Set down all of the entries below word for word, with the pictures left out.

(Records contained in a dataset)
::::::::::
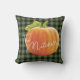 Fun en schattig kussen in de buitenlucht gooien met felle, oranje en kalkgroene, in het najaar gekleurde pompoen van het seizoen van de Thanksgiving op een klassiek zwart-groen gevriesdroogd vlechtpatroon. Met ruimte om aan te passen of met familie of (beperkte) tekst van uw keus te personaliseren. Stijlvol rustig, uniek decor-accent buitenshuis voor het versieren van de voorste veranda of tuin van uw landhuis, blokhut, bergkam, viskamp, meer- of riviervakantiehuis.
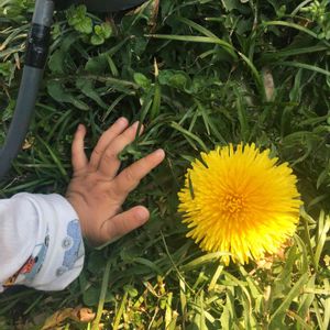 散歩中に娘の手とほぼ同じ大きさのたんぽぽを発見。
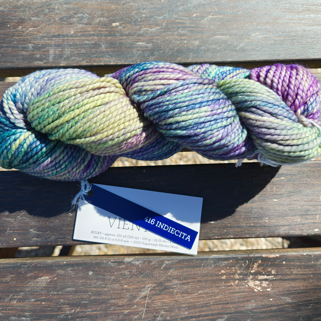Handgefärbte Variante als Dochtgarn, ebenfalls „bulky“ ( gleiche Dicke & Lauflänge9, auch superwash findest Du hier: Mecha
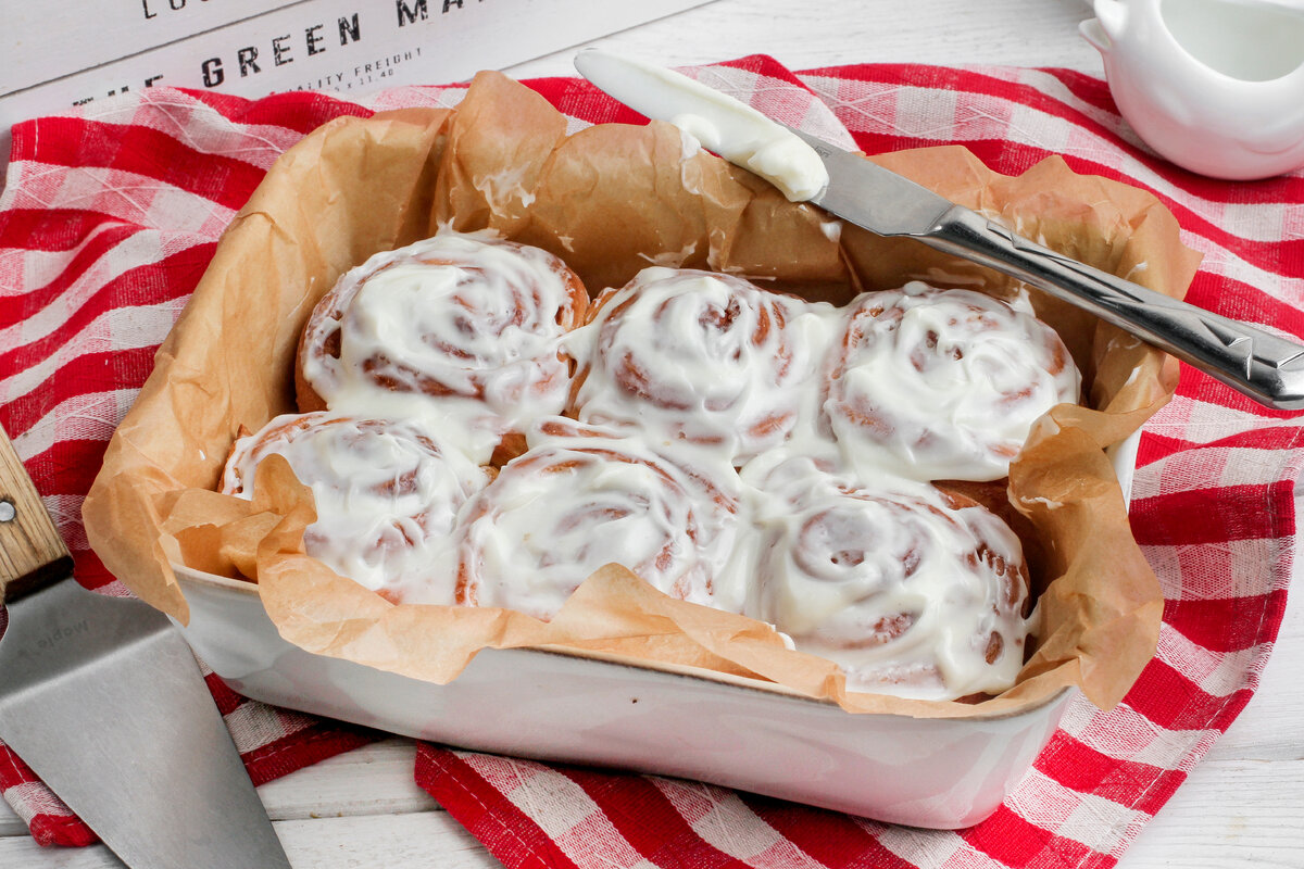 Приготовить крем, взбивая в глубокой миске творожный сыр, молоко и сахарную пудру до однородной массы. Нанести крем на горячие булочки и подавать к столу, наслаждаясь ароматом и вкусом!
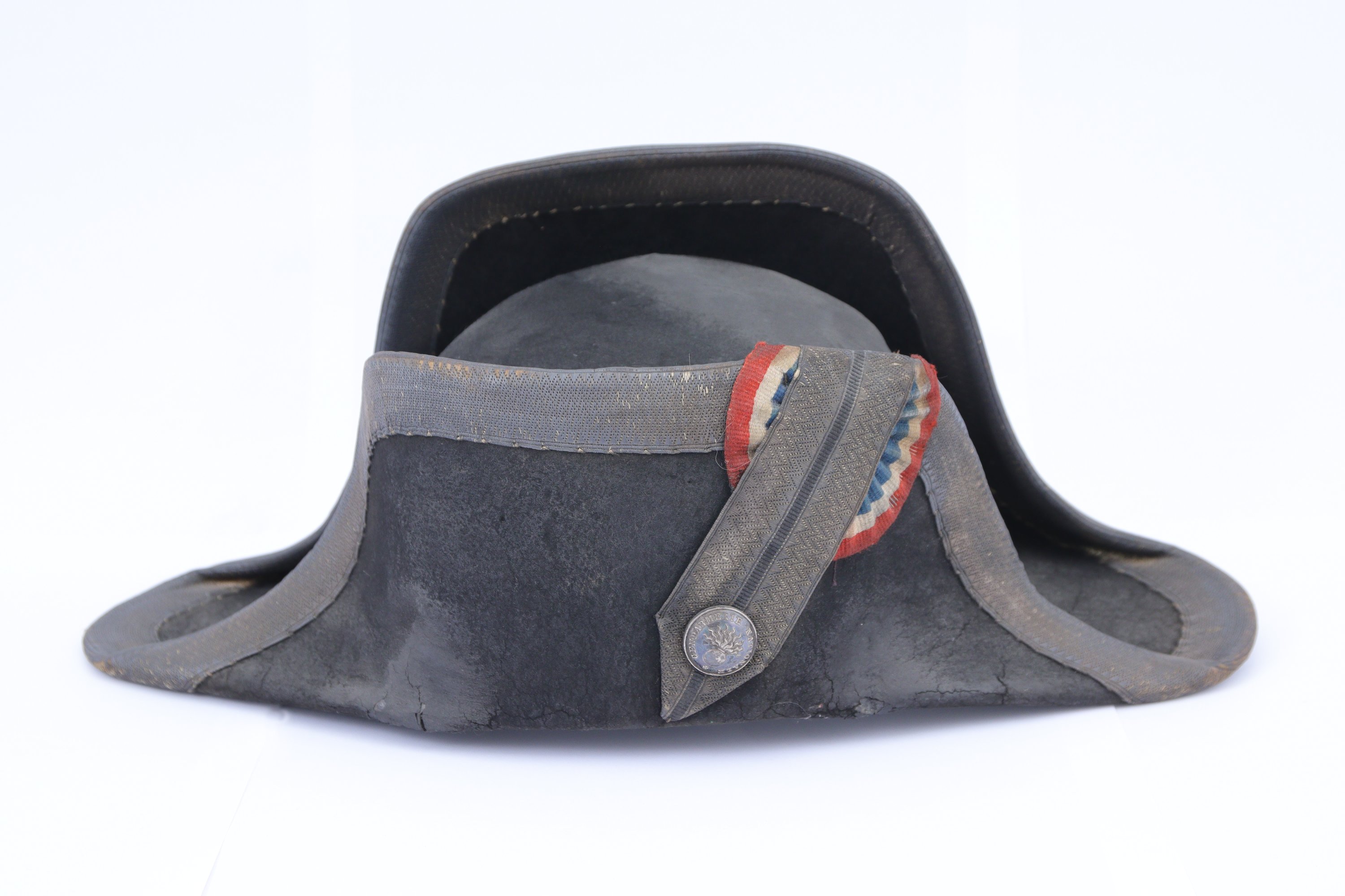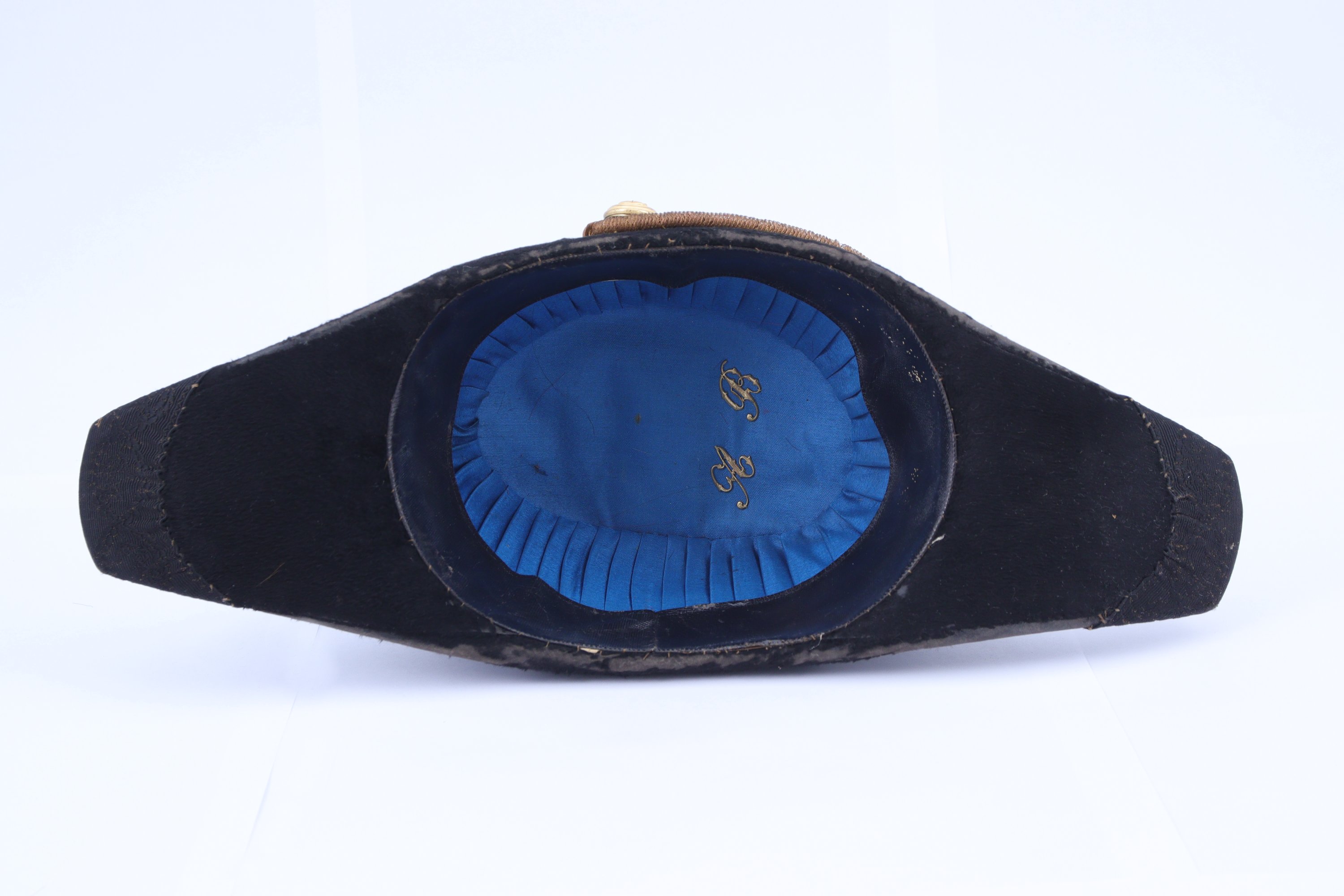 - Bicorne d’officier de marine. En feutre taupé. Ganse en passementerie et bouton à l’ancre, dorés. Galon en passementerie noire à décor d’ancre. Coiffe intérieure en satinette bleue, à motifs en laiton doré « AB » et bandeau en cuir. IIIe République. A.B.E.
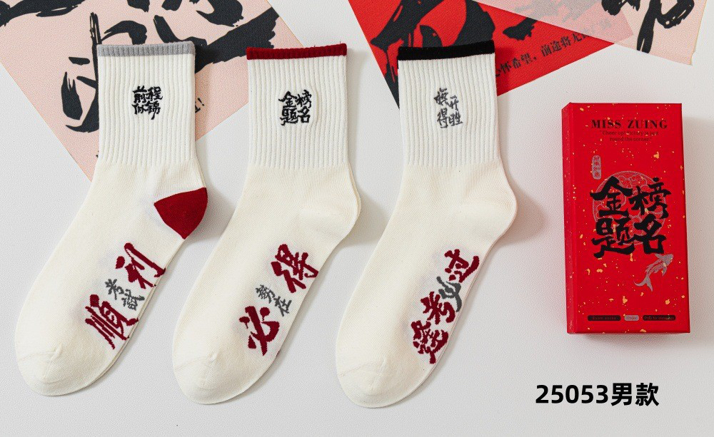 3双装!春夏全棉状元袜高考女袜男袜中筒袜礼盒+礼袋 无骨工艺更舒适 金榜题名 旗开得胜 逢考必过 美好祝愿~
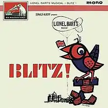 Blitz! is a musical by Lionel Bart. The musical, described by Steven Suskin as "massive", was set in the East End of London during the Blitz (the aerial bombings during World War II). The story drew on Bart's childhood memories of London's Jewish East End during the Blitz and, like most musicals, centred on a romance between a young couple, in this case a Jewish woman and a Cockney man, although the largest role and main point-of-view character is that of Mrs Blitztein, the young woman's mother.[1] Steven Suskin describes it as "Abie's Irish Rose set against the burning of Atlanta."[2] Bart himself described the play as "…three human stories inside an epic canvas; the major human conflict – the major plot – personifies the spirit of London and how that spirit developed during the period of the piece."[3]
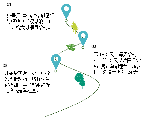 应用简介慢性肾衰竭指各种原发和继发的慢性肾脏疾病进行性恶化,逐渐出现肾功能不全发展到最终的统一性结局。目前这一概念在全球肾脏病界已被慢性肾脏病(CKD)所取代。将肾部分切除加对侧肾摘除法制作肾衰模型,存在手术复杂、制作困难、并发症多、死亡率高等缺点,而用腺嘌呤长期喂养大鼠建立慢性的肾衰模型,简单、易行,
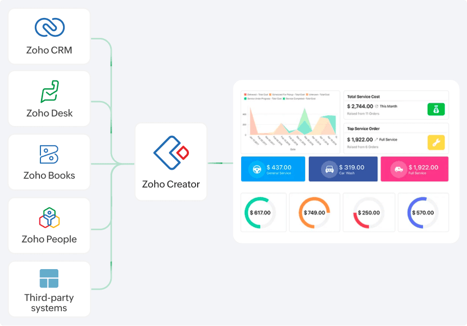 Supercharge your existing systems, whether it's a Zoho application or a third party application, to create apps tailored to your unique use-cases.
::::::::::
▶ [YOUR SOLUTION]:
 Fun en schattig kussen in de buitenlucht gooien met felle, oranje en kalkgroene, in het najaar gekleurde pompoen van het seizoen van de Thanksgiving op een klassiek zwart-groen gevriesdroogd vlechtpatroon. Met ruimte om aan te passen of met familie of (beperkte) tekst van uw keus te personaliseren. Stijlvol rustig, uniek decor-accent buitenshuis voor het versieren van de voorste veranda of tuin van uw landhuis, blokhut, bergkam, viskamp, meer- of riviervakantiehuis.
 散歩中に娘の手とほぼ同じ大きさのたんぽぽを発見。
Handgefärbte Variante als Dochtgarn, ebenfalls „bulky“ ( gleiche Dicke & Lauflänge9, auch superwash findest Du hier: Mecha
 Приготовить крем, взбивая в глубокой миске творожный сыр, молоко и сахарную пудру до однородной массы. Нанести крем на горячие булочки и подавать к столу, наслаждаясь ароматом и вкусом!
 - Bicorne d’officier de marine. En feutre taupé. Ganse en passementerie et bouton à l’ancre, dorés. Galon en passementerie noire à décor d’ancre. Coiffe intérieure en satinette bleue, à motifs en laiton doré « AB » et bandeau en cuir. IIIe République. A.B.E.
 3双装!春夏全棉状元袜高考女袜男袜中筒袜礼盒+礼袋 无骨工艺更舒适 金榜题名 旗开得胜 逢考必过 美好祝愿~
 Blitz! is a musical by Lionel Bart. The musical, described by Steven Suskin as "massive", was set in the East End of London during the Blitz (the aerial bombings during World War II). The story drew on Bart's childhood memories of London's Jewish East End during the Blitz and, like most musicals, centred on a romance between a young couple, in this case a Jewish woman and a Cockney man, although the largest role and main point-of-view character is that of Mrs Blitztein, the young woman's mother.[1] Steven Suskin describes it as "Abie's Irish Rose set against the burning of Atlanta."[2] Bart himself described the play as "…three human stories inside an epic canvas; the major human conflict – the major plot – personifies the spirit of London and how that spirit developed during the period of the piece."[3]
 应用简介慢性肾衰竭指各种原发和继发的慢性肾脏疾病进行性恶化,逐渐出现肾功能不全发展到最终的统一性结局。目前这一概念在全球肾脏病界已被慢性肾脏病(CKD)所取代。将肾部分切除加对侧肾摘除法制作肾衰模型,存在手术复杂、制作困难、并发症多、死亡率高等缺点,而用腺嘌呤长期喂养大鼠建立慢性的肾衰模型,简单、易行,
 Supercharge your existing systems, whether it's a Zoho application or a third party application, to create apps tailored to your unique use-cases.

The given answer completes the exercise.